**What the task requires**: Exactly and only the lines from the first entry through the line with "Com o jovem, os" should be copied, both ends included, with no pictures.

**Data to examine**:

##########

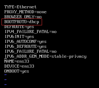 vi /etc/sysconfig/network-scripts/ifcfg-ens33 //进入网卡
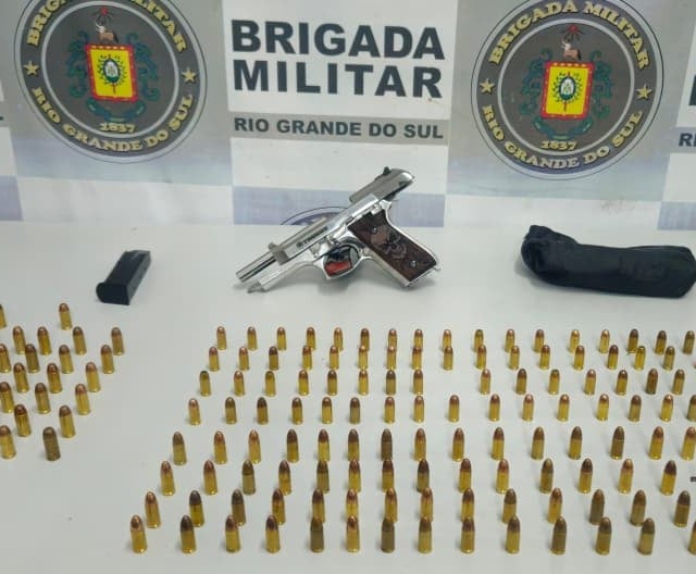 Com o jovem, os policiais encontraram uma pistola Taurus PT 101 municiada e um carregador. Além de uma pochete com 187 munições, sendo: 44 de calibre .40, 72 de 9mm e 71 calibre .380.
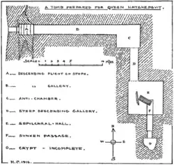 - ^ a b c d Carter, Howard (1917). "A Tomb Prepared for Queen Hatshepsuit and Other Recent Discoveries at Thebes". The Journal of Egyptian Archaeology. 4 (2/3): 107–118. doi:10.2307/3853878. ISSN 0307-5133. JSTOR 3853878. Retrieved 25 October 2021.
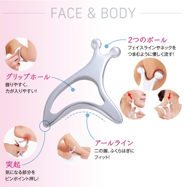 後頸、雙肩:採用下方圓弧,按摩肩頸消除疲勞酸痛
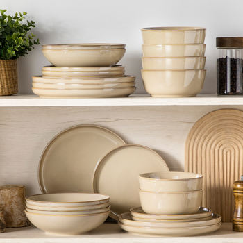 Light-Brown Reactive Glaze Stoneware Dinnerware Set – 16 Pieces
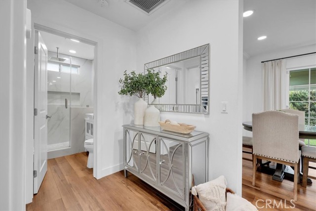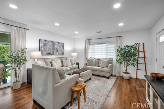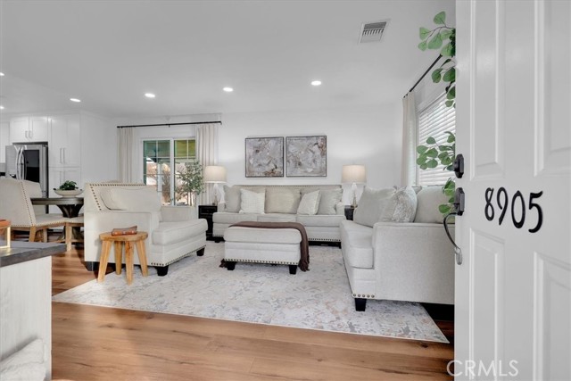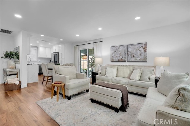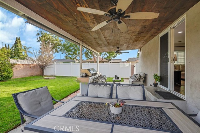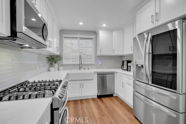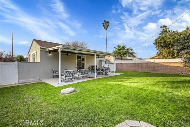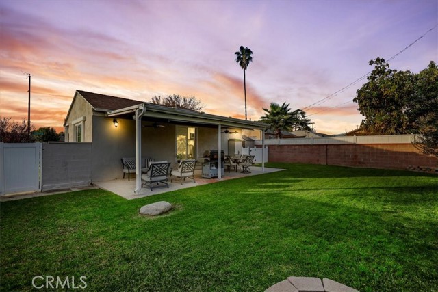 Beautifully renovated home shines inside and out! This gorgeous home is nestled on a desirable corner lot with a grand back yard. N Sunlight floods the open living space through large windows and sliding glass doors, creating a bright and airy atmosphere where the living room, dining area, and stylish kitchen connect seamlessly. The heart of the home is a charming U-shaped kitchen, featuring bright white cabinetry, gorgeous quartz countertops, a white glass subway tile backsplash, a classic farmhouse sink and new LG stainless steel appliances. The adjoining dining area offers the perfect spot for casual meals and easy entertaining. Thoughtfully designed for privacy, the bedroom and bath are situated separately from the main living areas. The stunning, fully renovated bathroom showcases a frameless LED-lit vanity mirror, a modern vessel sink vanity, and floor-to-ceiling tile in the shower, complete with a Delta oversized rainfall showerhead and matching fixtures. Step outside to a generous backyard designed for relaxation, featuring a large covered patio and a spacious grassy area, ideal for play, pets, or weekend gatherings. This home ensures peace of mind with major upgrades including new HVAC system, new roof with seamless gutters, new plumbing throughout, new tankless water heater, NUVO Complete water softener system, new windows throughout, 7-station sprinkler system, new laundry hookups, new recessed lighting, luxury vinyl plank flooring throughout, including the garage. Live beautifully from day one with modern design, smart flow, and total ease. Call for an appointment before this beauty is sold!!
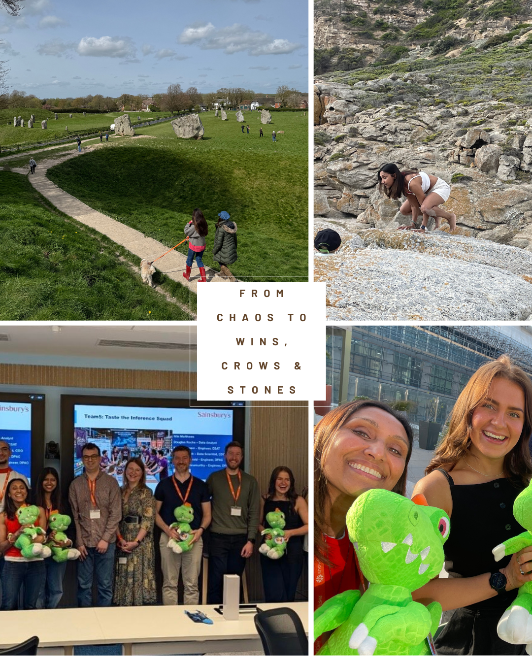 Image: A birthday spent at Avebury Stones. Meeting my edge with a yoga Crow posture & AI Hackathon - which surprisingly we won!
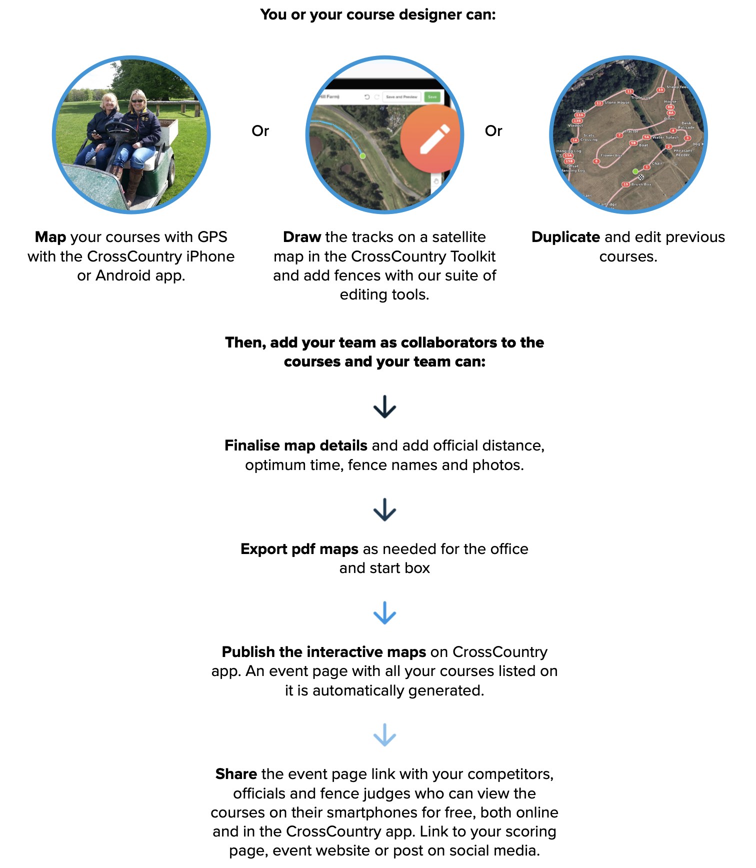 This allows you to record unlimited courses with our algorithmically enhanced accurate GPS, add fence photos and course details and publish them in the library for viewing on CrossCountry app or online.
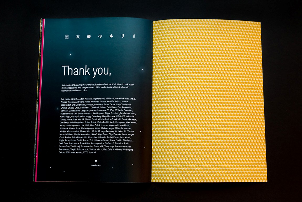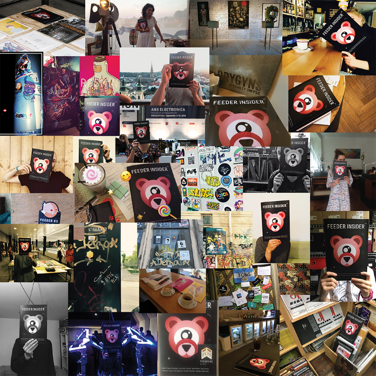 The printed edition, feeder insider booklet #02, features 14 interviews that shed light on motivation, process and perception in the arts, with Saddo, Primarie, Brosmind, Livia Coloji, Gus Gus, Karim Rashid, Tokyotoys, Olga Ziemska, Ioana Sisea, Yomsnil, Julie Marghilano, The Model, Borusiade, Roman Tolici. In 2016, the feeder insider pop-up gallery animated Kube, Lente and Palatul Universul.

##########

**Reply**:
 vi /etc/sysconfig/network-scripts/ifcfg-ens33 //进入网卡
 Com o jovem, os policiais encontraram uma pistola Taurus PT 101 municiada e um carregador. Além de uma pochete com 187 munições, sendo: 44 de calibre .40, 72 de 9mm e 71 calibre .380.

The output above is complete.